GIVEN DATA:
:::
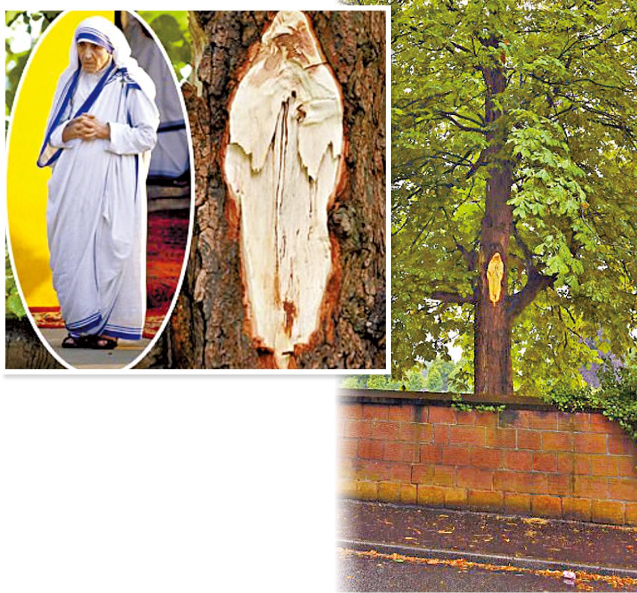 返回 生活 出版:2017-Jul-24 06:00 更新:2017-Jul-24 06:00 斷枝現聖女 分享: 大自然偶出現的人形圖案,免不了引發諸多聖人聯想,耶穌聖母已多番「現身」,德蘭修女亦有幸登場。英國利物浦一教堂面對的大樹日前折枝,樹幹露出的呎餘高斷木痕跡,遠觀近看皆激似……獲封聖的德蘭修女。(互聯網) ADVERTISEMENT激送Monchhichi維港海陸嘉年華入場券!
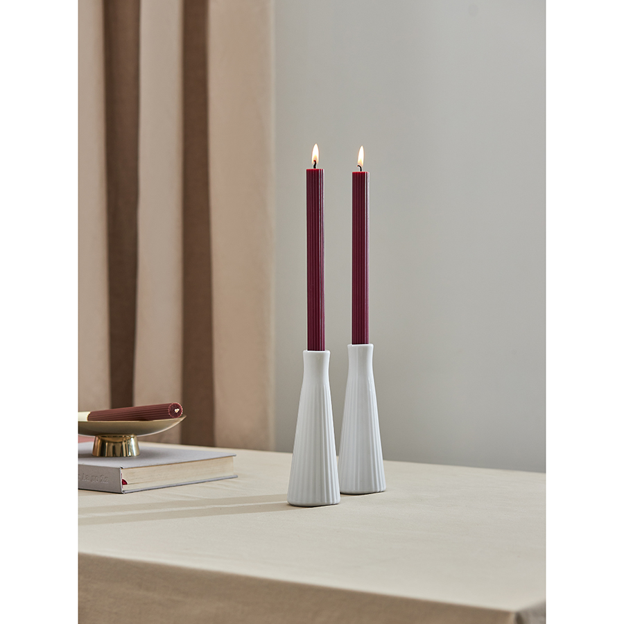 "Свечи бордового цвета из коллекции Edge отлично подойдут в качестве декора и для создания особой атмосферы в интерьере. Их дизайн с фактурными гранями сочетает в себе классику и современные мотивы, отражая прочную связь между прошлым и настоящим. Эти свечи станут не только источником мягкого света, но и выразительным акцентом, способным придать любому пространству характер и индивидуальность.
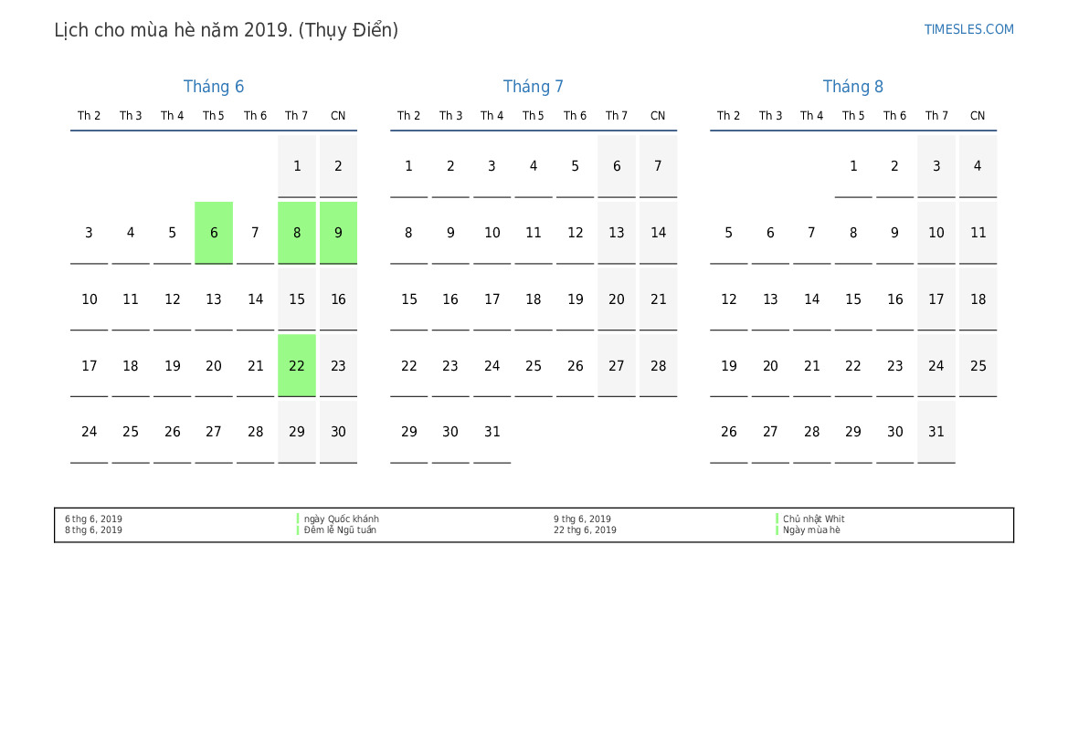 Tải xuống và in lịch PDF với các ngày lễ và cuối tuần cho mùa hè năm 2019 cho Thụy Điển
:::
YOUR INSTRUCTIONS:
The required answer is the material repeated exactly, with no images in it.

EXPECTED ANSWER:
 返回 生活 出版:2017-Jul-24 06:00 更新:2017-Jul-24 06:00 斷枝現聖女 分享: 大自然偶出現的人形圖案,免不了引發諸多聖人聯想,耶穌聖母已多番「現身」,德蘭修女亦有幸登場。英國利物浦一教堂面對的大樹日前折枝,樹幹露出的呎餘高斷木痕跡,遠觀近看皆激似……獲封聖的德蘭修女。(互聯網) ADVERTISEMENT激送Monchhichi維港海陸嘉年華入場券!
 "Свечи бордового цвета из коллекции Edge отлично подойдут в качестве декора и для создания особой атмосферы в интерьере. Их дизайн с фактурными гранями сочетает в себе классику и современные мотивы, отражая прочную связь между прошлым и настоящим. Эти свечи станут не только источником мягкого света, но и выразительным акцентом, способным придать любому пространству характер и индивидуальность.
 Tải xuống và in lịch PDF với các ngày lễ và cuối tuần cho mùa hè năm 2019 cho Thụy Điển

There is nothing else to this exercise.